Elles savent que le monde bouge, et qu'elles devraient changer leurs habitudes, mais comment faire, à leur âge? Aussi, l'arrivée de Nicole, une " jeunesse " qui entame tout juste sa retraite, et l'annonce d'une catastrophe imminente, vont perturber leur quotidien. Ce nouveau roman de Pascale Gautier est irrésistible par sa fraîcheur, sa volonté de prendre avec humour le contre-pied de certaines idées reçues sur la vieillesse.
Le choix de la couverture et le titre de votre roman annoncent sans équivoque le sujet de votre livre... L’idée de départ était de transposer des vieux dans la fiction. Cela étant dit, la première fois que j’ai vu cette couverture, j’étais un peu surprise. C’est un roman dans lequel je pense qu’on rit plutôt jaune.
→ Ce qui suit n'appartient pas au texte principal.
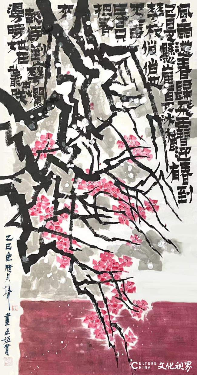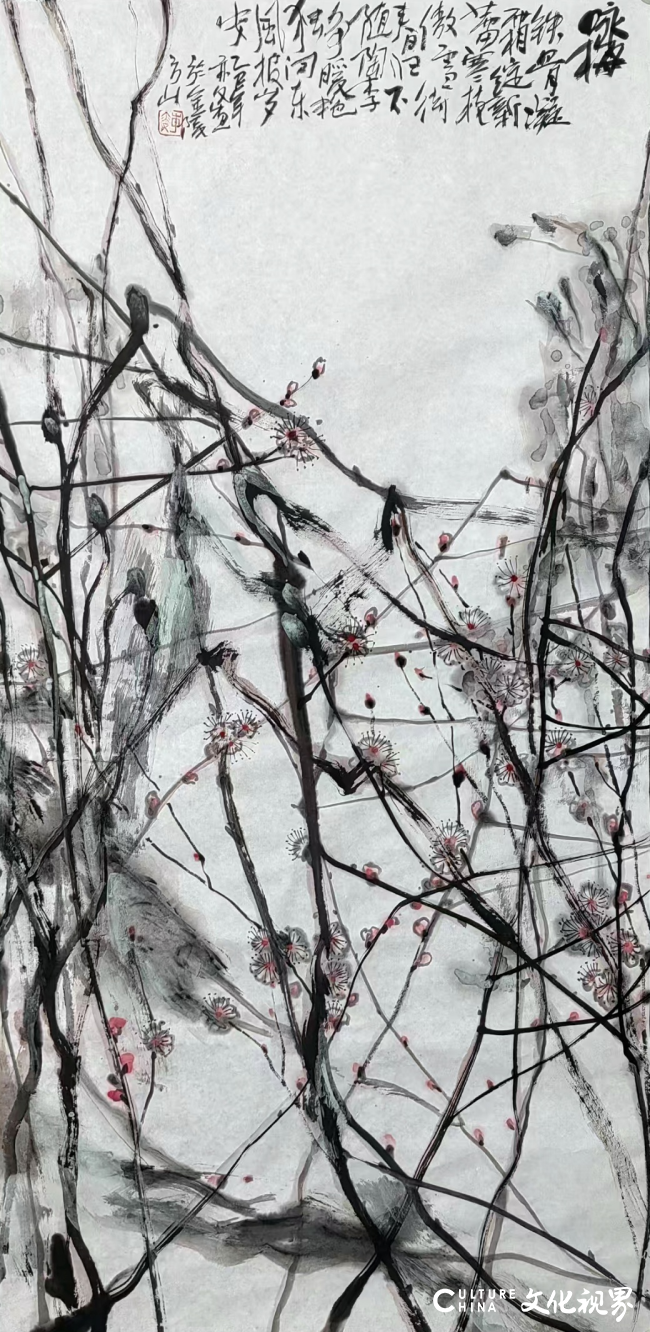 作品名称:《寒梅傲雪报春来,瘦影凌霜破蕊开》纸本水墨尺寸:69x138cm创作年代:2026年
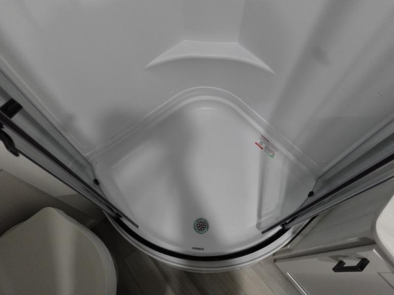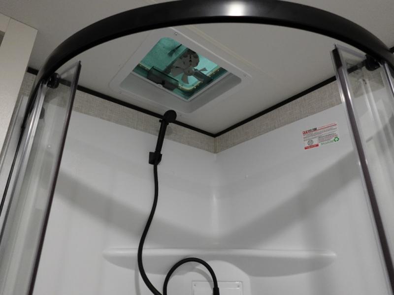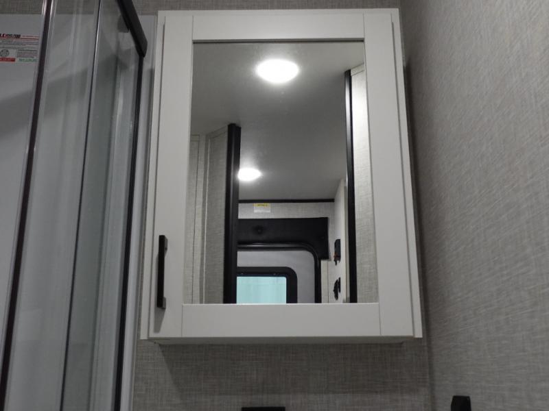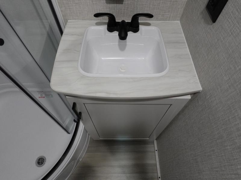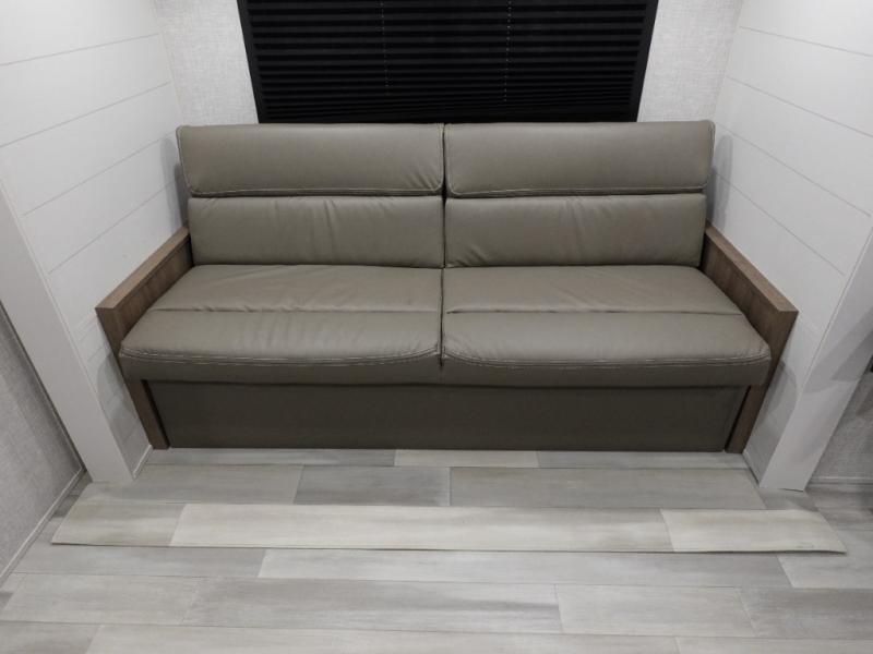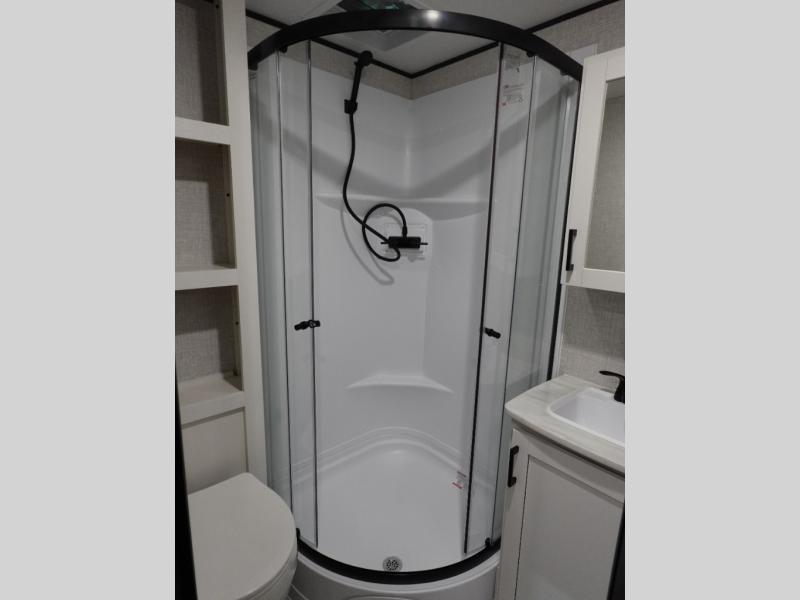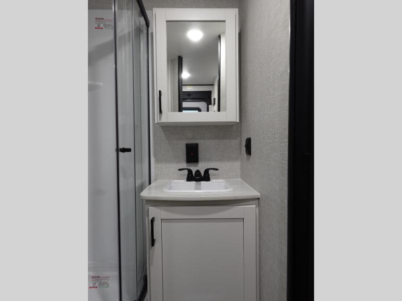 This is the perfect couple's trailer for room for an overnight guest on the jack-knife sofa. You'll appreciate a table in front of the sofa where you can enjoy eating together, and the slide out provides more space to move about. This model includes a front bedroom with a privacy curtain and dual wardrobes to store your clothes for the week, plus there is a full bath towards the back of the unit to stay clean each day. Snacks and paper goods can go in the entryway pantry, and camp gear can be kept in the outdoor storage!

Mais cette couverture était vraiment jubilatoire.
Vos débuts de chapitres ne sont pas sans rappeler les premières scènes d’une sitcom. Vouliez-vous nous faire découvrir le monde de ces vieilles un peu comme un feuilleton que l’on suivrait régulièrement? Je n’ai pas forcément pensé à une sitcom. En ce qui concerne la construction de ce roman, j’ai vraiment voulu que le personnage principal, ce soient les vieilles. C’est un roman polyphonique. Je me suis amusée à camper les personnages de façon rapide en alternant narration classique et dialogues pour avoir un rythme soutenu en dehors de l’intrigue. Je voulais donner à ces vieilles une présence forte, qu’elles soient presque instantanément typées. Dès le début, je voulais que cela soit assez visuel.
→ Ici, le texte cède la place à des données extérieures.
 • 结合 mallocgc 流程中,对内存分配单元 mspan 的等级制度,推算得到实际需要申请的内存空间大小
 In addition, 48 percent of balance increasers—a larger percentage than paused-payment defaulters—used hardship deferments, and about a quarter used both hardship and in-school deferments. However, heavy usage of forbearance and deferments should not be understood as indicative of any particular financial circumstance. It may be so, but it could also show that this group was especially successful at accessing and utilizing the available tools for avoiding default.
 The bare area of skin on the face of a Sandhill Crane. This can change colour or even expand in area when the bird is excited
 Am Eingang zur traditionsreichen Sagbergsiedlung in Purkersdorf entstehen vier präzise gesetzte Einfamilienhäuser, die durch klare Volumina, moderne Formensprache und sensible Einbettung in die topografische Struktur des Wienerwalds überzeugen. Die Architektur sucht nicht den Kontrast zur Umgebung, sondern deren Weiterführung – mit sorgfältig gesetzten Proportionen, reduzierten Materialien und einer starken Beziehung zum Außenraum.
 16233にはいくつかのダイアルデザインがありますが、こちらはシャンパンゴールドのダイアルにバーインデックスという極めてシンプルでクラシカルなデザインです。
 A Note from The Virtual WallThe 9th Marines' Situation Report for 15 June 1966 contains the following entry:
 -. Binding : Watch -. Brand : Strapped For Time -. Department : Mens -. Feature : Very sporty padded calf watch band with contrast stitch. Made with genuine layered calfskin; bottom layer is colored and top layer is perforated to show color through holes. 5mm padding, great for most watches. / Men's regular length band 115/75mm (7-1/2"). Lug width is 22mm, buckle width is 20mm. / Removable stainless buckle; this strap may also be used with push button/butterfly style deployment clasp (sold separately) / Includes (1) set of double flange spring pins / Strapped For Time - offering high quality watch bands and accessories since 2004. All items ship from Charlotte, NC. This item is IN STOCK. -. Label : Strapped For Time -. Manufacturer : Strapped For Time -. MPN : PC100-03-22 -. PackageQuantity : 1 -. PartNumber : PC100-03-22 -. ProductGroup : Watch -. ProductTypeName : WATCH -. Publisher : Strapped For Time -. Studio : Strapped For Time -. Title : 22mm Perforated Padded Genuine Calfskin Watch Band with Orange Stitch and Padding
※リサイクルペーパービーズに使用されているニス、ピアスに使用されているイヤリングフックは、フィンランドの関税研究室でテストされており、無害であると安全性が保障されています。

C’est d’ailleurs la première fois que vous utilisez des dialogues... C’est effectivement dans mon dixième livre qu’il y a pour la première fois des dialogues. J’ai dû passer un cap. J’avais envie d’expérimenter un traitement un peu différent des personnages. Jusqu’ici, j’employais le discours indirect, le monologue intérieur ; il en résultait un texte plus monolithique. J’ai eu envie de tester des dialogues car il y a cette comparaison permanente entre les cigales et les vieilles. Il fallait donc leur donner cette voix : une voix musicale rythmée par des ritournelles, des refrains, des reprises. Le dialogue pour ce roman-là était donc assez juste. Puis, il faut dire que je me suis beaucoup amusée à faire des dialogues.
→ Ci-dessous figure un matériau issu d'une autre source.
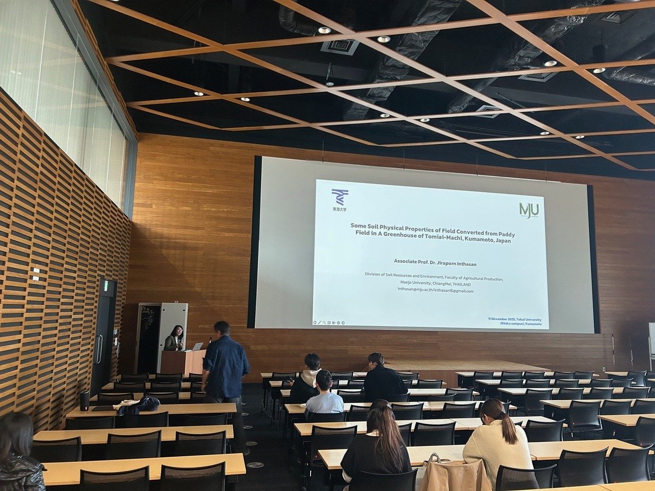 本成果発表は、メジョー大学と本学の協定校交換留学プログラムの一環として行われ、お二人は10月13日から約1月滞在されました。
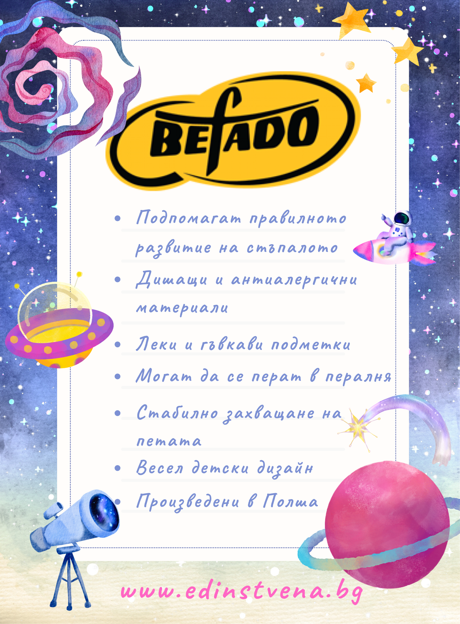 Befado е марка, създадена с разбиране към нуждите както на децата, така и на техните родители. Всеки детайл е измислен така, че обувките да издържат на безкрайните детски игри, скачане и тичане. Цветните десени, животинските мотиви и веселите апликации превръщат обуването в забавно преживяване, а не в битка.
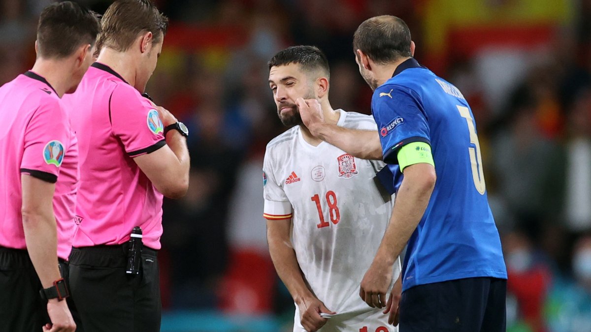 Перша спроба німецького арбітра Бриха виявилася невдалою – К'єлліні та його опонент забули обрати бік монетки. Проте, Жорді Альба почав активно жестикулювати, що його влаштовує бити пенальті у ворота, за якими розташувалися вболівальники "Фурії Рохи".
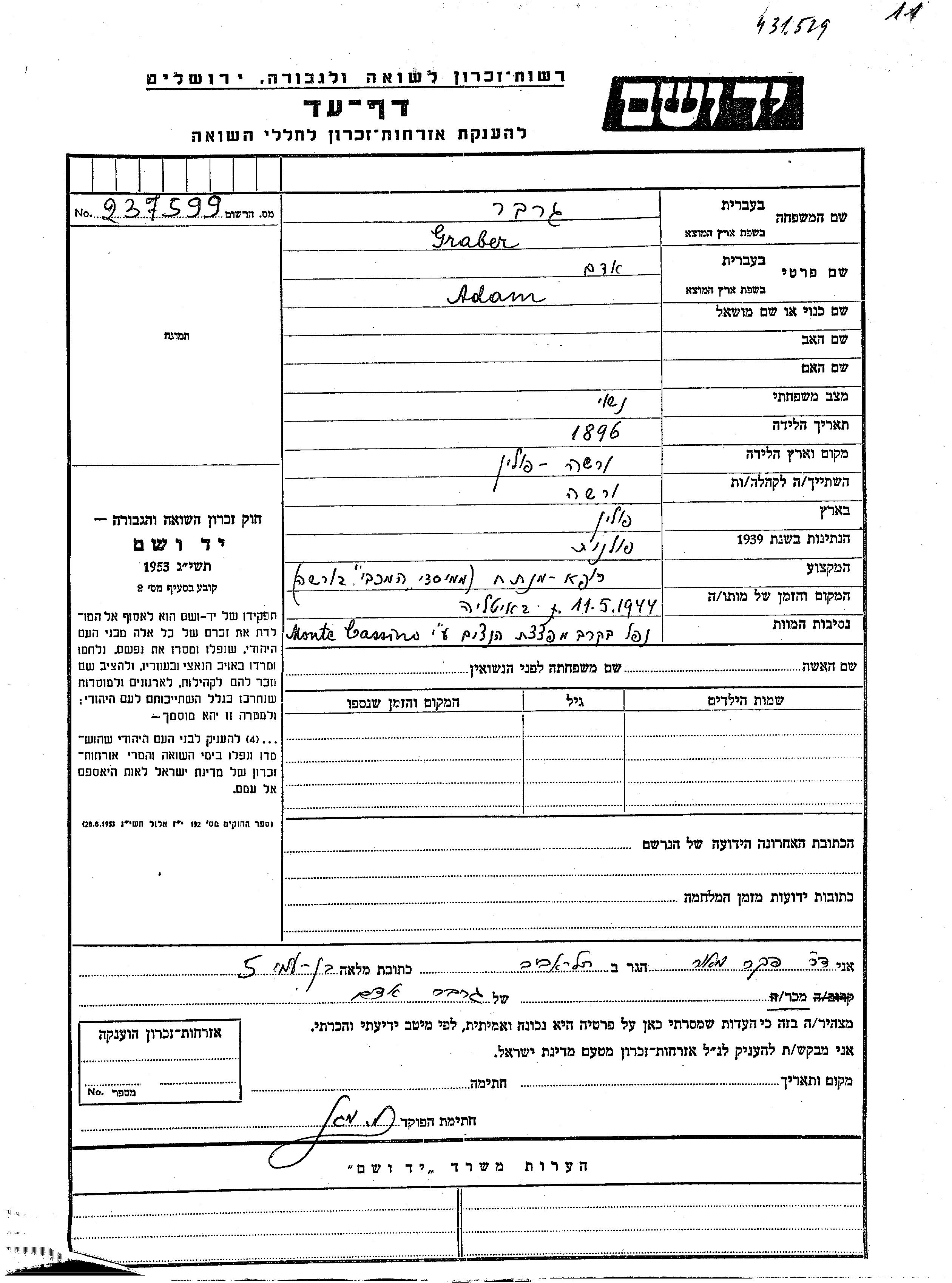 Adam a été assassiné pendant la Shoah. Lieu de la mort: Italie en 11/05/1944.
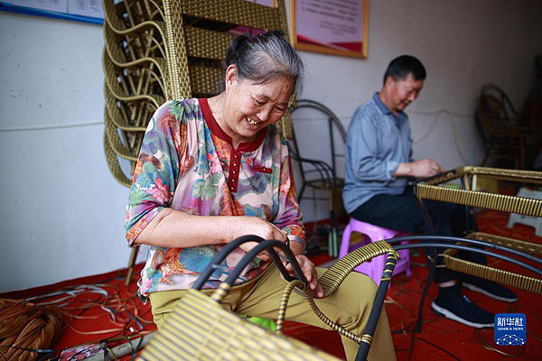 搬迁群众在贵州省毕节市七星关区柏杨林易地扶贫搬迁安置点就业扶贫车间内工作(2020年8月3日摄)。新华社记者 刘续 摄
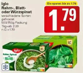 Iglo Rahm, Blatt oder Würzspinat Aktion bei WEZ

Certaines de ces vieilles ont un nom - Madame Rouby ou Madame Chiffe - d’autres un prénom (Nicole), ou encore un surnom (Mamoune) et l’une est même seulement désignée par le pronom « elle ». Avez-vous voulu établir une hiérarchie entre elles ? Pourquoi en désincarner certaines ? Les Madames (Rousse, Chiffe, Rouby) sont des types, elles portent un « madame » systématique. Ce sont des caricatures. Elles portent des noms de province. Je voulais des noms un peu ridicules, mais vrais. J’ai donc fait une enquête sur les noms de ma région, le Sud-Est. J’ai finalement fait du faux avec du vrai. Régine Daspect, avec son prénom et son nom, est le seul personnage à ne pas avoir abdiqué par rapport au temps qui passe. Elle est encore vivante. Elle a d’ailleurs une vraie vie amoureuse et sexuelle. C’est pour cela qu’elle est complète dans son nom et son prénom. Quant à « elle », c’est un personnage très symbolique. C’est celle qui finit le livre. C’est aussi un personnage sensible, mélancolique, peut-être le plus attachant du roman.
Dès le début du roman, vous qualifiez ironiquement les vieilles de « choeur antique » et la métaphore de l’Antiquité parcourt tout le roman... C’est un livre qui doit beaucoup à L’Illiade. Comme il ne se passe pas grand-chose dans la vie de ces vieilles, je trouvais intéressant de traiter leur vie de façon épique. D’où un contraste assez amusant : le ton devient bizarre, inapproprié et le grotesque découle de cela. Et puis, je suis très marquée par l’Antiquité ; c’est présent dans tout ce que j’ai écrit. Mais c’est peut-être dans ce roman que je joue le plus facilement avec ces références. C’est assez présent, mais je pense qu’on peut ne pas le voir du tout.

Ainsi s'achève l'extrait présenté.